**Information provided:**
———

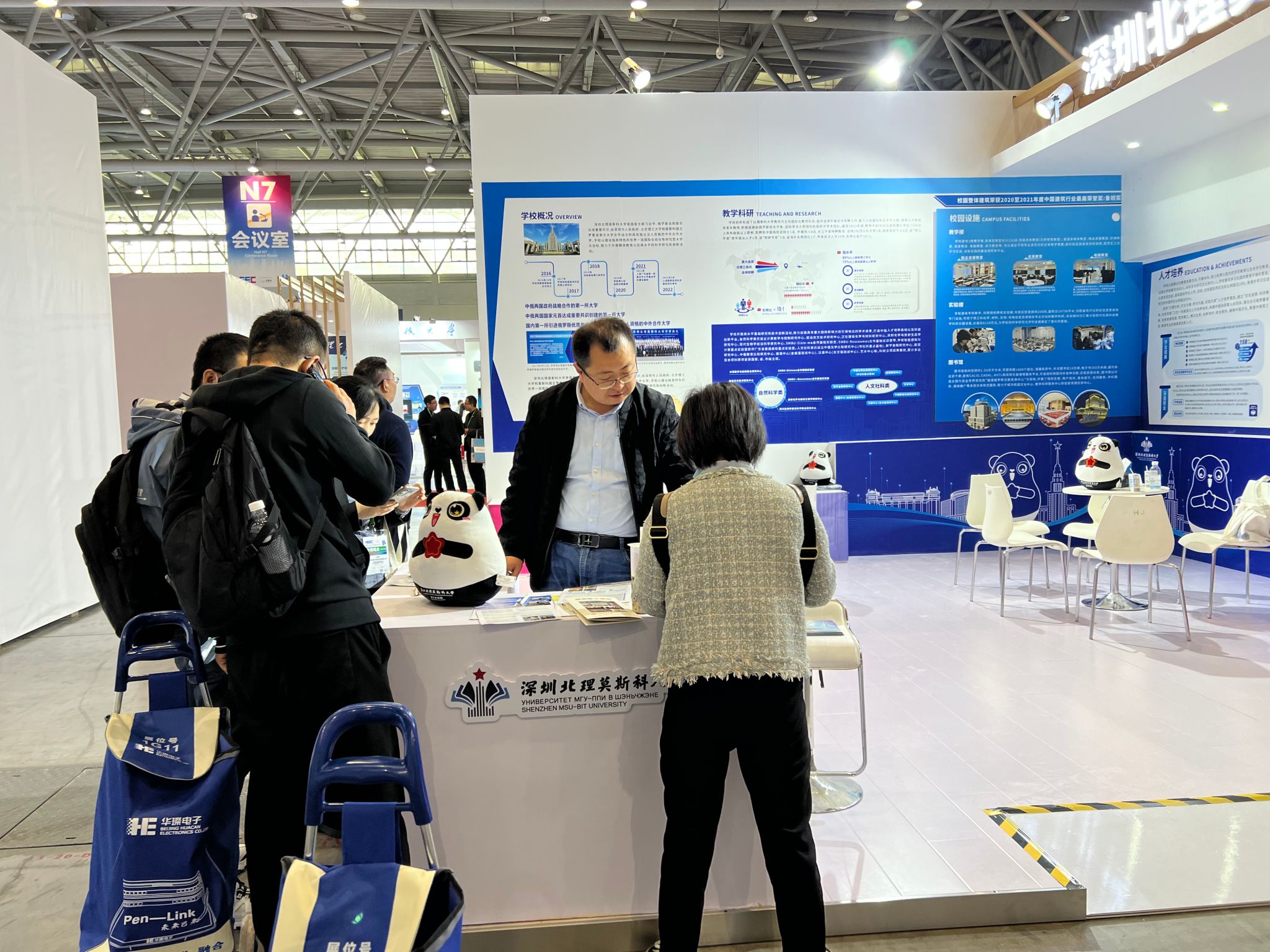 深圳北理莫斯科大學參展N7高校專區,結合此次高博會“校地聚合·產教融合:高質量發展”的主題,從學校概況、教學科研、校園設施、人才培養、辦學特色、學科專業、智慧校園等板塊全方位多角度展示了學校在學科專業建設、海外師資引進、科學研究與社會服務、校園服務保障、中俄人文和教育領域交流合作等方面的高質量辦學成果,吸引了眾多與會人員駐足觀看。
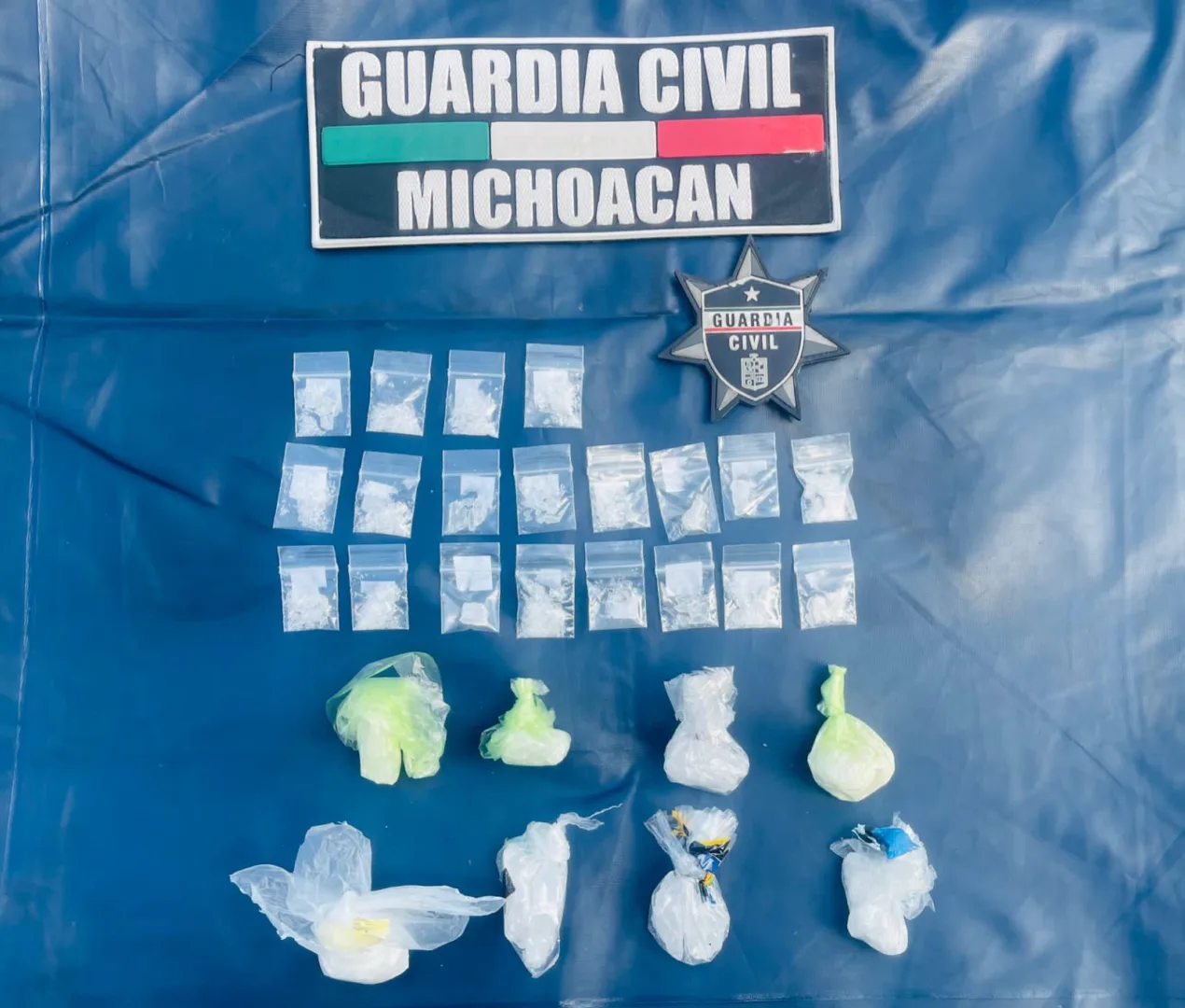 Uruapan, Michoacán, 28 de diciembre del 2022.- Derivado de los patrullajes de vigilancia efectuados en el municipio de Uruapan, elementos de la Secretaría de Seguridad Pública (SSP), lograron el aseguramiento de tres féminas y un masculino en posesión de sustancia granulada, al parecer metanfetamina, así como de una motocicleta que contaba con reporte de robo.
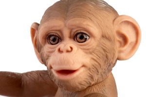 Veselé a roztomilé opičí miminko bez zvuku s vinylovým tělem s možností koupání, na kterém je zachycen věrohodně každý detail tohoto zvířecího mláďátka včetně různých záhybů, kromě pohlaví. Opičku lze koupat, ale je potřeba dát pozor, aby se jí nenamočily řasy. Odlepené řasy nejsou pak důvodem k reklamaci. Ruce a nohy jsou k tělu přichycené kloubem. Opičí miminko je polohovací a může i sedět nebo se dá pověsit za ruce nebo nohy. Dudlík v balení slouží pouze jako doplněk. Velikost 32 cm. Ručně vyrobeno ve Španělsku, baleno v dárkové krabici. Doporučený věk od 3 let.

———

**Prompt:**
The result should be the same data as above, line for line, with the pictures gone.

**Your solution:**
 深圳北理莫斯科大學參展N7高校專區,結合此次高博會“校地聚合·產教融合:高質量發展”的主題,從學校概況、教學科研、校園設施、人才培養、辦學特色、學科專業、智慧校園等板塊全方位多角度展示了學校在學科專業建設、海外師資引進、科學研究與社會服務、校園服務保障、中俄人文和教育領域交流合作等方面的高質量辦學成果,吸引了眾多與會人員駐足觀看。
 Uruapan, Michoacán, 28 de diciembre del 2022.- Derivado de los patrullajes de vigilancia efectuados en el municipio de Uruapan, elementos de la Secretaría de Seguridad Pública (SSP), lograron el aseguramiento de tres féminas y un masculino en posesión de sustancia granulada, al parecer metanfetamina, así como de una motocicleta que contaba con reporte de robo.
 Veselé a roztomilé opičí miminko bez zvuku s vinylovým tělem s možností koupání, na kterém je zachycen věrohodně každý detail tohoto zvířecího mláďátka včetně různých záhybů, kromě pohlaví. Opičku lze koupat, ale je potřeba dát pozor, aby se jí nenamočily řasy. Odlepené řasy nejsou pak důvodem k reklamaci. Ruce a nohy jsou k tělu přichycené kloubem. Opičí miminko je polohovací a může i sedět nebo se dá pověsit za ruce nebo nohy. Dudlík v balení slouží pouze jako doplněk. Velikost 32 cm. Ručně vyrobeno ve Španělsku, baleno v dárkové krabici. Doporučený věk od 3 let.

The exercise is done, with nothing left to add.